📆 Thursday, December 19
► European stock futures mirrored the global risk-off sentiment, sliding 1.5% (Euro Stoxx 600) after the Federal Reserve hinted at fewer rate cuts in 2025. This weakness followed Wall Street’s sharp selloff, with the S&P 500 recording its steepest Fed-decision-day decline since 2001. Investors are bracing for key central bank decisions from the UK, Norway, and Sweden, while the hawkish Fed stance prompted a reassessment of global equity valuations. The Bank of England kept rates unchanged but three MPC members voted for another cut. Analysts only expected only a single MPC vote for another rate cut – we thus see a rather dovish rate pause (=according to SmartTrader chief analyst Robert Lindner) with the decision for the pause being split.

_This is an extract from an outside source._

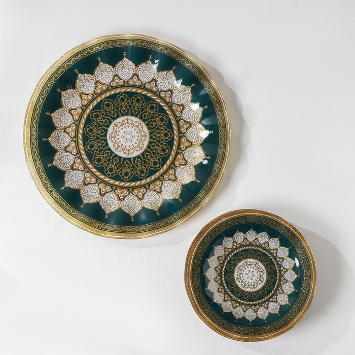 Набор столовый «Мехенди», 7 предметов: d=30 см - 1 шт, d=18 см - 6 шт, цвет зелёный с жёлтым

► US markets show signs of stabilization after a sharp selloff on Wednesday that was caused by investors falling into panic even as the Fed delivered what was widely expected. Futures point to a rebound, with the S&P 500 rising 0.3%, and Nasdaq futures increasing 0.3%. Treasury yields edged further up, with the 10-year yield trading above 4.5%, reflecting ongoing concerns about inflationary pressures and reduced rate-cut expectations. The Federal Reserve cut rates by 25 basis points but signaled a slower path of reductions next year, prompting cautious remarks from Chair Jerome Powell, who emphasized the need to see more progress on inflation. Swap markets show that investors reduced rate cut expectations for 2025 to below two rate cuts – which will only be true if the US economy will remain in strong growth. The US economy is no need for Fed stimulus.